Таких «откровений» от врача государственного лечебного учреждения я никак не ожидал. И потому благоразумно замолчал в тряпочку. Но «псих», как я про себя назвал этого врача, вдруг сменил настроение и фальшиво спел:

– В нашем доме появился замечательный сосед. Пам-пам…

И рассмеялся.

Мне стало страшно.

Пришли два дюжих санитара, одетых в грязные халаты без пуговиц – с завязками сзади. (Как они их завязывали?). Взяли напряженно молчавшего Фоку Лукича под трясущиеся руки. Это молчание, как мне казалось, вот-вот разорвет на кусочки нашего доброго слободского доктора.

– Отец!.. – закричал Пашка.

Он подбежал к старику, упал перед на колени, обнял отцовские ноги. Санитар, как котенка, откинул худого Пашку в угол.

Фока Лукич обернулся, с мольбой посмотрел почему-то на меня:

– Только не детский дом, сынок!.. Ты к Захаровым иди… Я с бабушкой Иосифа, Дарьей Васильевной, обо всем договорился заранее. Захаровы тебя примут, а меня скоро выпишут…

– Примут и тут же выпишут… – чему-то улыбаясь, кивал мужик в драпе. – Вы, Фока Лукич, главное не волнуйтесь… В вашем теперешнем положении это смерти подобно.

Пашка три года жил у нас в семье. (Пока отца не отпустили, слово «вылечили» он никогда не употреблял.). Его раскладушка стояла рядом со старой железной кроватью в моей комнате. Из мебели – стол у окна, этажерка с книгами, три стула и деревянный диванчик с резной спинкой. Всё, начиная от самого сруба, «Захаровской крепи», как говорил мой батя, и до стульев, было сделано левой рукой Клима Ивановича, отца моего. Левой – не значит «абы как». Правой руки у отца не было – пустой рукав заткнут под ремень. Но далеко не каждый и правой так мог работать плотницким топориком, как отец одной левой. «Леворукий, – повторял батя, – это вам, ребята, не косорукий. Понимать надо».

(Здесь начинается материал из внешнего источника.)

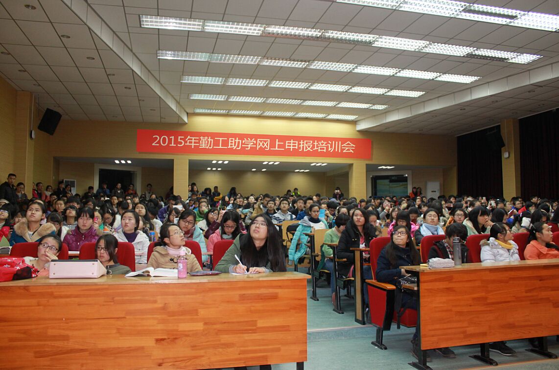 12月26日晚7点,室外气温零度,可容纳300余人的邓析堂已找不到一个空位,想从大门挤进去没有一番功夫是绝对不行的。这是我校勤工助学管理系统学生培训的现场。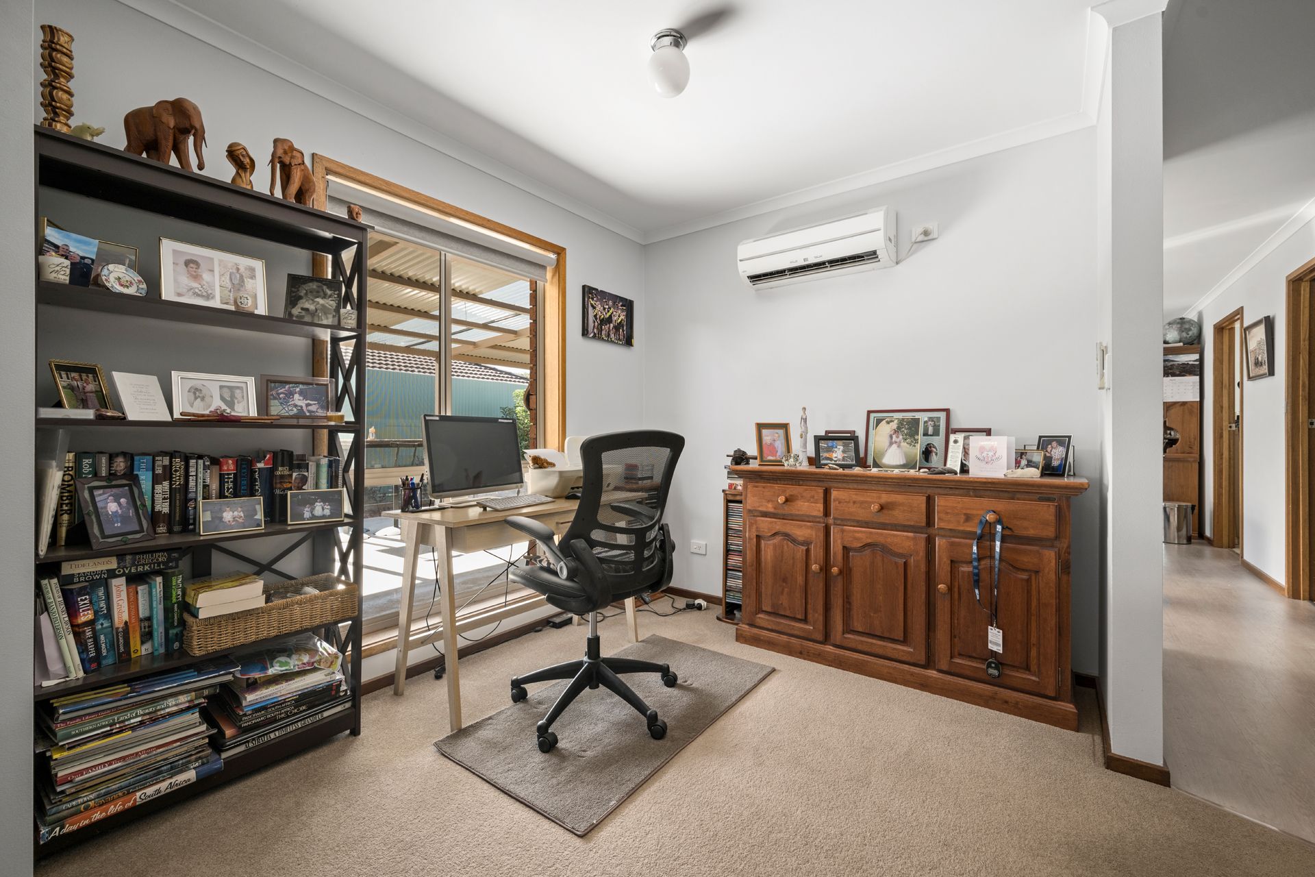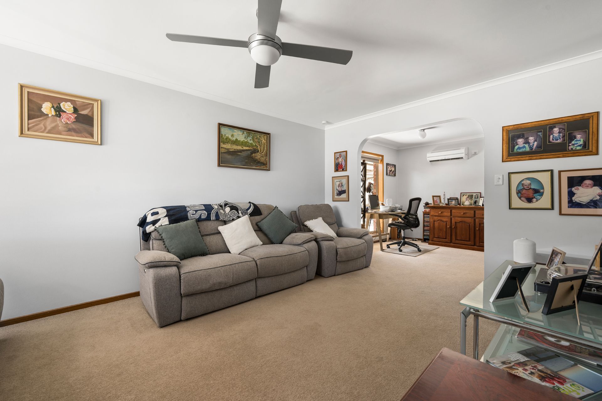 Inside presents three bedrooms that all feature built-in robes, and a neat central bathroom complete with a bath. Relax in the cosy front living room, equipped with a split system and windows overlooking the sunny front garden. An adjoining space offers flexibility for use as a study or additional sitting area.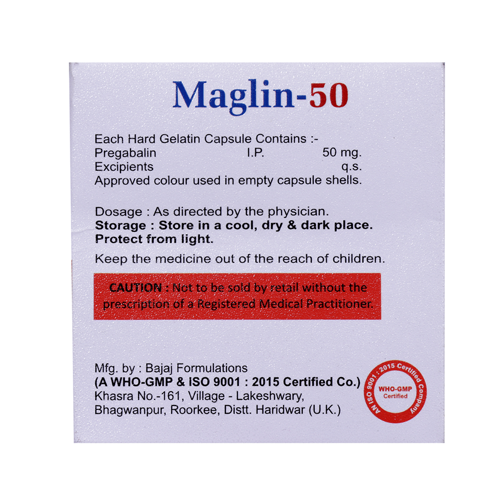 Maglin 50 Capsule is a medicine used to relieve pain caused by nerve damage (neuropathic pain) due to diabetes, shingles (herpes zoster infection), spinal cord injury, or other conditions. It is also used to treat widespread muscle pain and stiffness in people with fibromyalgia. Maglin 50 Capsule belongs to the anti-epileptic group of medicines and can also be used to treat certain types of seizures (fits) in combination with other medicines. Additionally, it may also be prescribed to treat the symptoms of anxiety disorder if other medicines are not suitable.You can take Maglin 50 Capsule with or without food, but it is important to take this medicine at the same time each day to get the most benefit. The exact dose and duration of treatment will depend on your condition and how you respond to it. Your doctor will probably start this medicine at a low dose and increase it gradually. It may take a few weeks for the medicine to work properly. Follow your doctor’s instructions and continue taking it regularly until your doctor advises you to stop. Do not miss any dose, otherwise, your condition may worsen.The side effects of this medicine are usually mild and go away by themselves. The most common ones are feeling sleepy or dizzy, dryness in the mouth, blurred vision, weight gain, edema (swelling over the whole body), and difficulty in concentrating. Most side effects are not serious and do not need medical attention. Talk to your doctor about potential side effects and ways in which you might prevent or cope with them.Before taking the medicine you should tell your doctor if you are pregnant, breastfeeding, or planning to become pregnant. Be careful while driving as sleepiness, dizziness, and blurring of vision may be seen as side effects. You should avoid drinking alcohol along with this medicine as it may lead to excessive sleepiness and dizziness.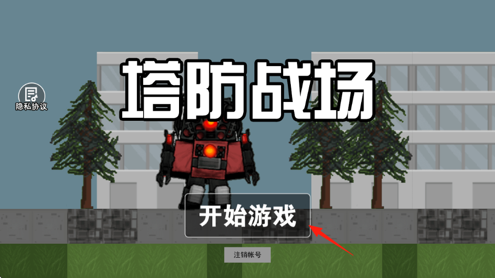1、在游戏主界面,点击箭头所指的【开始游戏】按钮,进入塔防战斗关卡。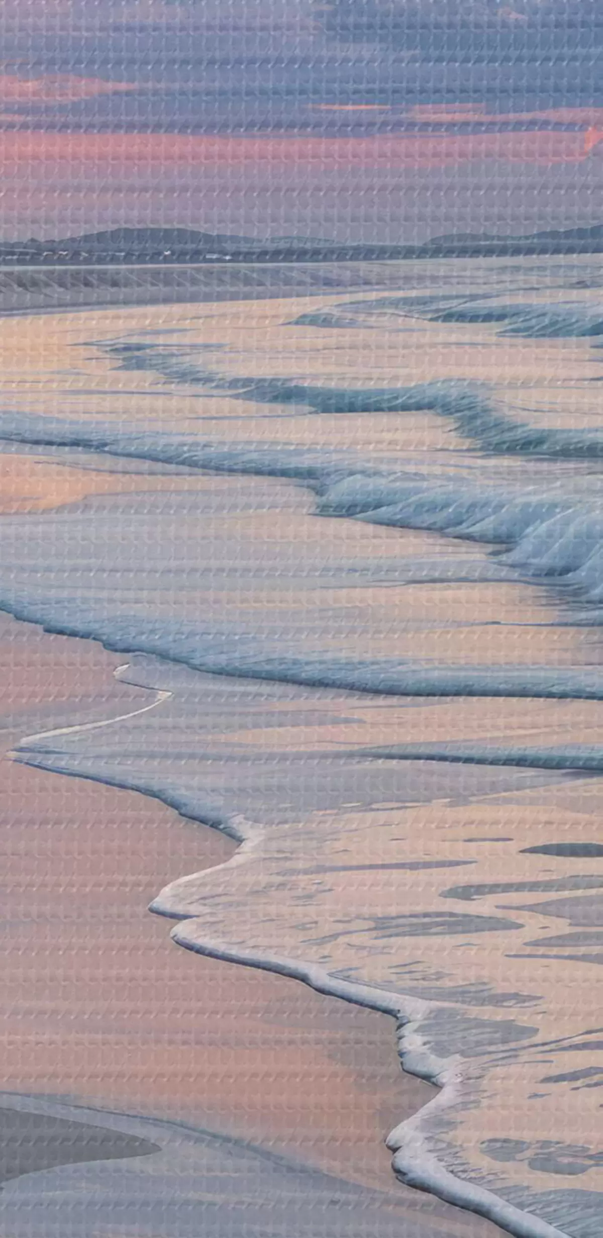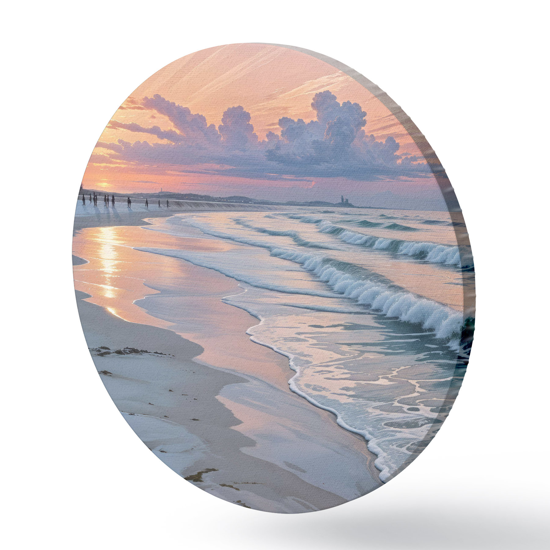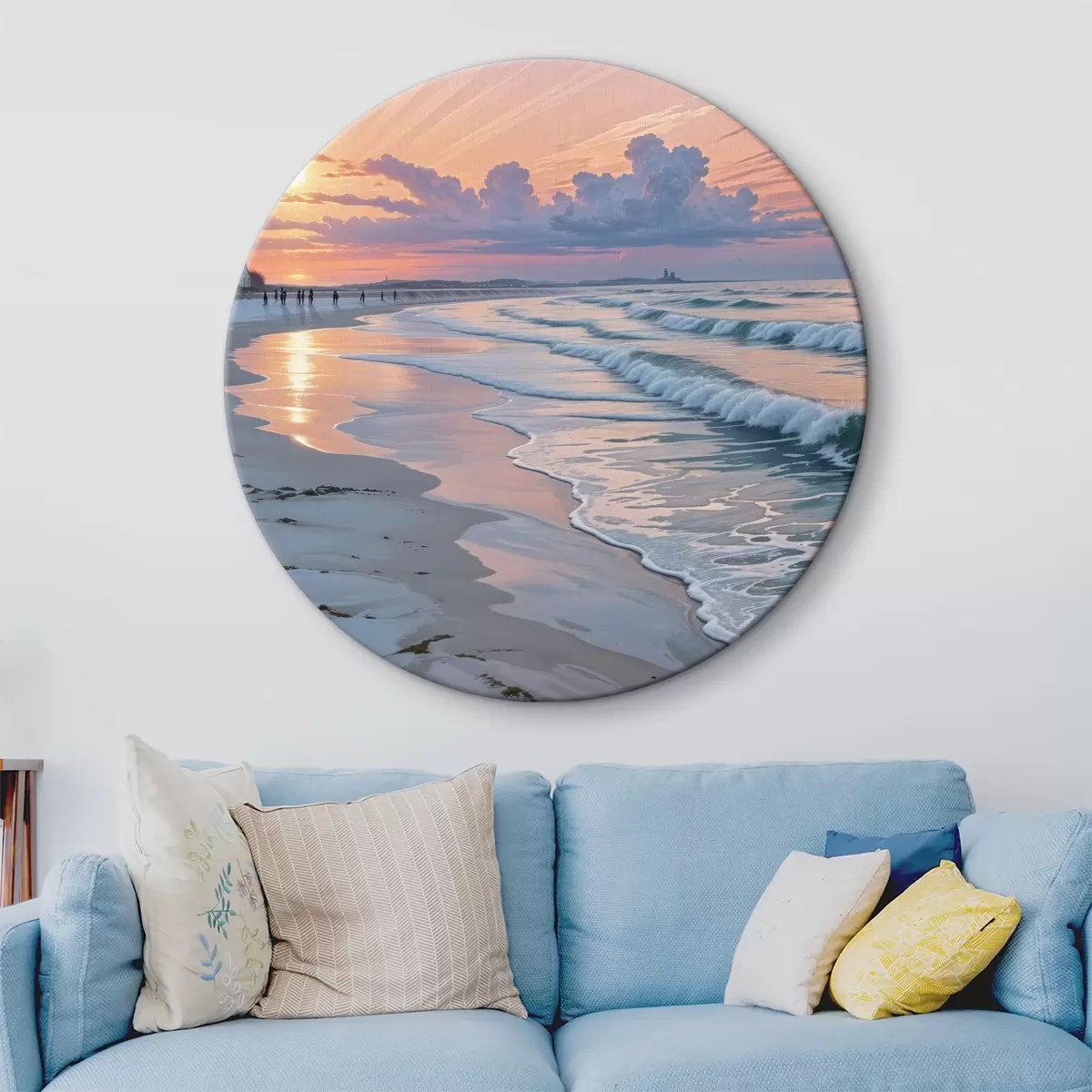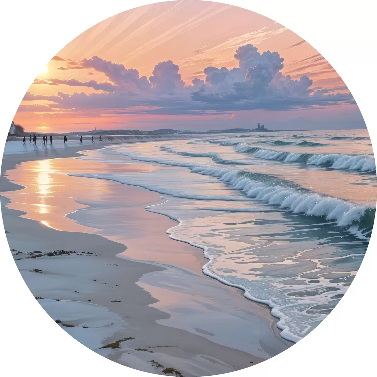 Pilt Rahulik stseen rannas päikeseloojangul, õrnad lained loksuvad liivakaldale Nr r40606

Изредка Паша бегал в свой пустой дом. Благо, что по соседству. Мне говорил, что «проверяет хозяйство». Я подозревал: ищет спрятанную Фокой Лукичом «бурдовую тетрадь», свою священную семейную тайну… Я знал, что на хозяйство Пашке было наплевать. А вот зачем копаться на пустом огороде? Даже в погребе и амбаре ямок накопал… Сущий крот.

Наша Слобода не славилась милосердной памятью. Первое время о сумасшедшем докторе зло судачили у колодцев и водопроводной колонки, поставленной в посаде в годы первых послевоенных пятилеток. Поболтали еще на свежую для разговора тему, кости помыли партизанскому доктору, удивляясь его странному требованию от властей – раскопать могилу Григория Петровича Карагодина, которого Слобода с великими почестями торжественно похоронила еще в марте в марте 53-го. Что за блажь вошла в больную голову старого лекаря?.. Одному, наверное, Господу Богу и было известно.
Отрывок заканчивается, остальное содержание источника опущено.